Decision trees

Decision tree model

Each cell in the decision tree is called a node.
The top most node is called the root node.
The all other nodes, excluding the bottom most nodes are called decision nodes.
The bottom most nodes are called leaf nodes.

Based on the count of features and possible value of each feature, there are several decision trees for each application. The job of a decision tree algorithm is to pick the one that does the best on the training set and also generalizes well to new data.

Learning process

First off, we need to pick the root node feature.
Then we should look at the left node and decide what feature to use next and so on till we pick the left most branch features.
As for the left, we continue the process for the right branch and select the features for them as well.

How to choose what feature to split at each node? Select by the maximum purity(purity of a feature is the precision of that feature)
When do you stop splitting?
- When a node is 100% one class.
- When splitting a node will result in the tree exceeding a maximum depth(depth is the number of hops that takes to reach the selected node from root node)
  - Keeping the maximum depth small prevents the tree to become too big.
  - Keeping maximum depth small makes it less prone to overfitting.
- When improvements in purity score are below a threshold.
- When the number of examples in a node is below a threshold.

Measuring purity

We use entropy function to measure the impurity.

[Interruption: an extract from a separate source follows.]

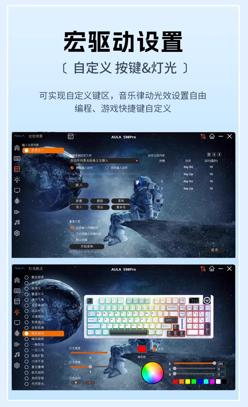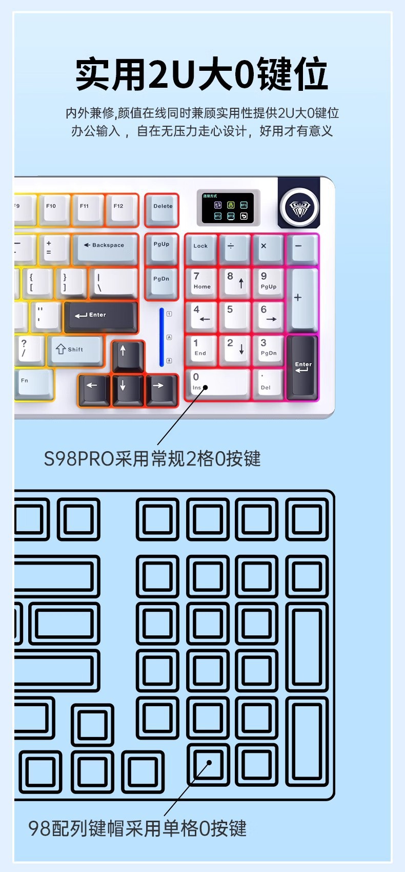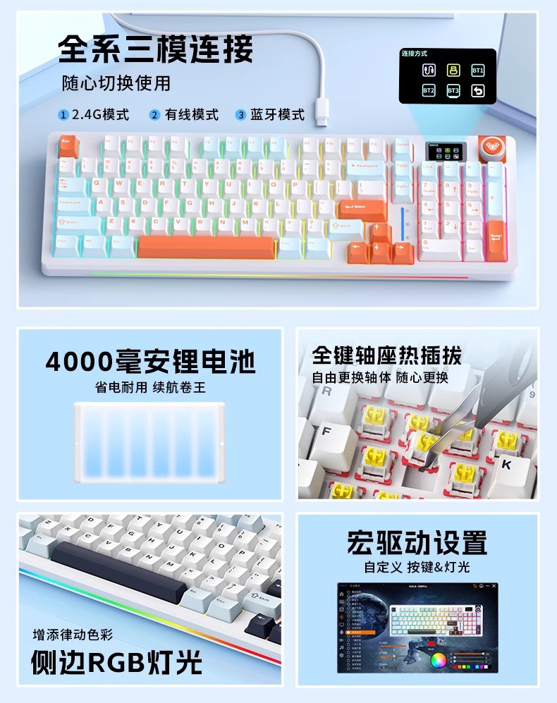 Wolf Spider S98Pro e-스포츠 Bluetooth 무선 3 모드 핫 스왑 가능 단일 키 슬롯 GASKET 맞춤형 기계식 키보드

When $p_1$ is the fraction of examples that are positive, $H(p_1)$ is the entropy function of $p_1$.
If $p_1 = \frac{3}{6}$, $H(p_1) = 1.0$, which tells it's totally impure.
If $p_1 = \frac{5}{6}$, $H(p_1) = 0.65$.
If $p_1 = \frac{6}{6}$, $H(p_1) = 0.0$, which tells it's totally pure.

We take $\log_2$, just to make the peak of the curve equal to one. If we where to take the $\log_e$, then that would vertically scale the current plot and would still work, but the peak of the function wouldn't be a round number anymore.

If $p_1 = 0$, we have $0\log(0)$, and the $\log(0)$ is undefined, but we consider the whole expression to be equal to 0 for convention.

note) There's also another algorithm called Gini that is used in decision trees, but we wont need it in this course.

Choosing a split: Information gain

We'll decide what feature to split on at each node based on what choice of feature increases the purity the most.

The reduction of entropy is called information gain.

We get different entropies based on splitting by different features at each node. To find the best value, we take the sum of all the weighted averages of the entropies of each sub-node and subtract the result from the entropy of the current node to determine the improvement in purity.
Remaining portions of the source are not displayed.